Prohibir sin educar es un error
Quienes se oponen a la prohibición de los smartphones en las escuelas suelen argumentar que, para muchos estudiantes, el aula es el único espacio donde realmente pueden aprender a usar estos dispositivos con responsabilidad y sentido.
Excluirlos, dicen, es dejarlos a su suerte: depender de lo que sus familias sepan —y puedan— enseñarles. Y eso, evidentemente, perjudica a los más vulnerables.
“Prohibir sin educar no es precaución: es abandono”, afirman con convicción.
Pero no estoy tan de acuerdo.
Es cierto que prohibir, por sí solo, no basta. Sin un proyecto educativo que enseñe a usar la tecnología con conciencia, cualquier restricción corre el riesgo de ser superficial o incluso contraproducente. Sin embargo, también es cierto que los teléfonos inteligentes, tal como están diseñados hoy, son profundamente incompatibles con los fines que la escuela debiera resguardar.
Porque, seamos honestos: la arquitectura actual de estos dispositivos —con su gigantesca oferta de entretenimiento digital y sus obscenamente millonarios algoritmos de manipulación conductual— está más orientada a captar y retener nuestra atención que a otra cosa.
Y esa lógica de interrupción permanente choca de frente con lo que la escuela necesita cultivar: la capacidad de pensar con calma y profundidad, de concentrarse, de escuchar, de compartir en paz.
Si a nosotros mismos nos cuesta resistir el impulso de revisar el teléfono cuando no deberíamos, ¿podemos esperar que adolescentes —cuyo cerebro aún no ha desarrollado del todo su capacidad de autocontrol— lo hagan sin apoyo ni límites claros? ¿Podemos confiar en que resistirán la maquinaria de una industria que ha invertido cifras obscenas para modelar sus hábitos?

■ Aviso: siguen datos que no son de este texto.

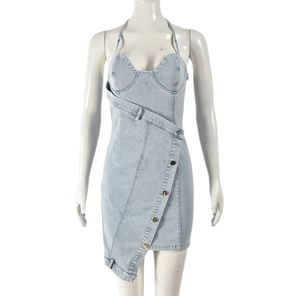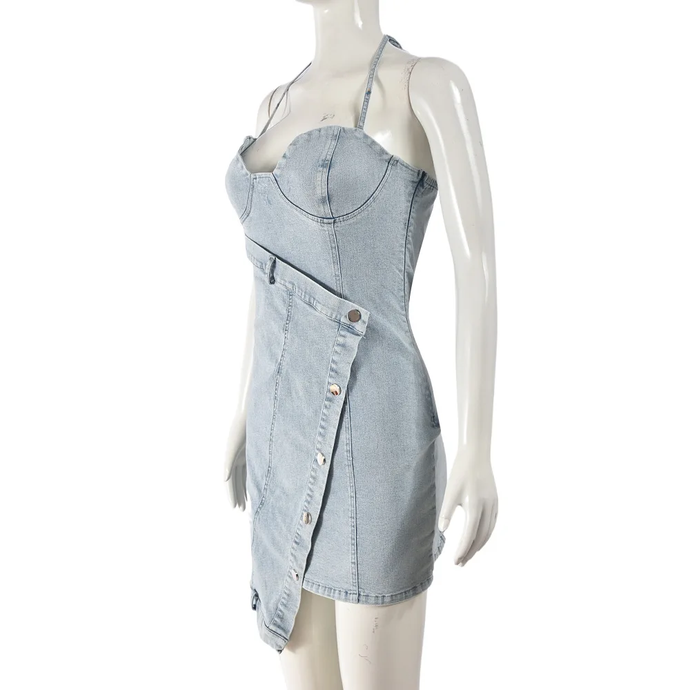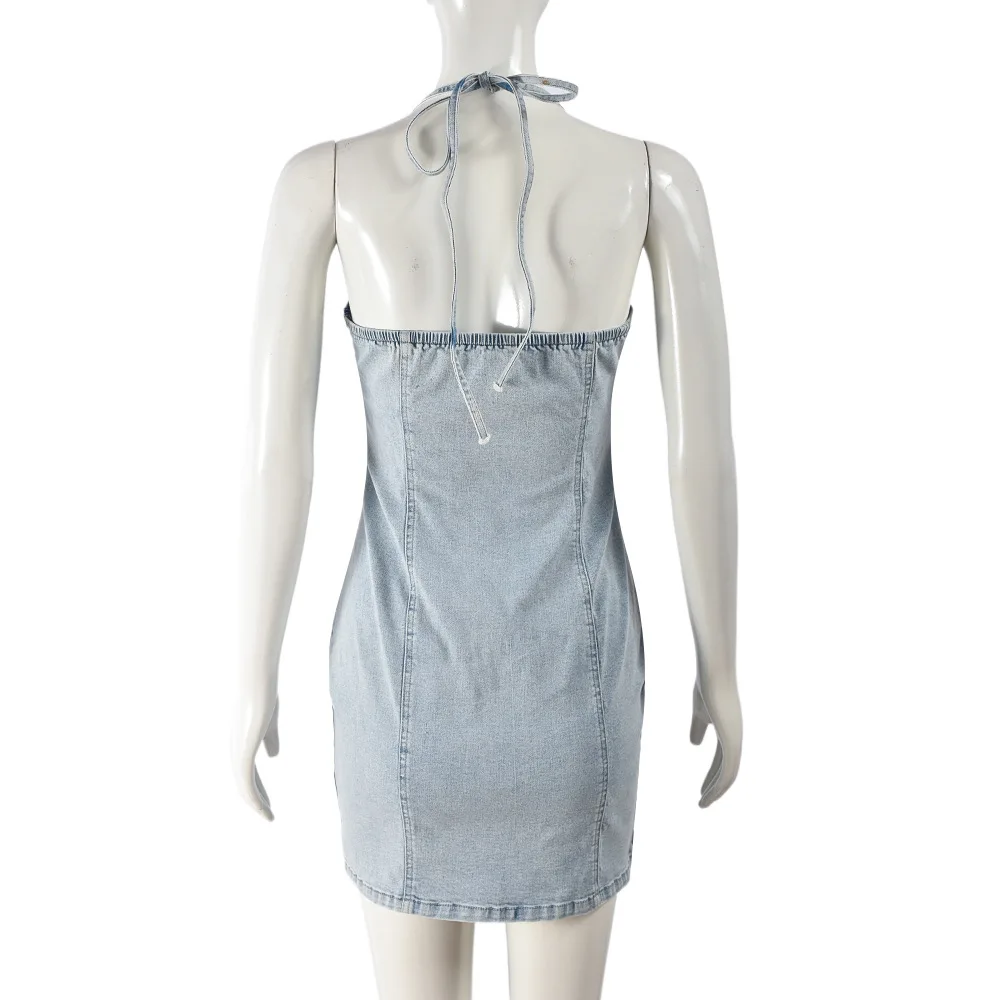 Sleeveless Denim Halter Backless Streetwear Vintage Party Mini Dress Vestidos

La verdad es que no. Y no por culpa de los estudiantes, sino porque la industria misma ha hecho que así sea.
¿Significa esto que la prohibición, por sí sola, basta para enseñar un uso responsable de los dispositivos? Evidentemente no.
Como ya señalé, la escuela tiene también la responsabilidad de generar espacios formativos donde se enseñe, tanto a los estudiantes como a sus familias, a relacionarse críticamente con estas y otras tecnologías.
Porque sí, prohibir sin educar es un error. Pero permitir sin límite, también lo es.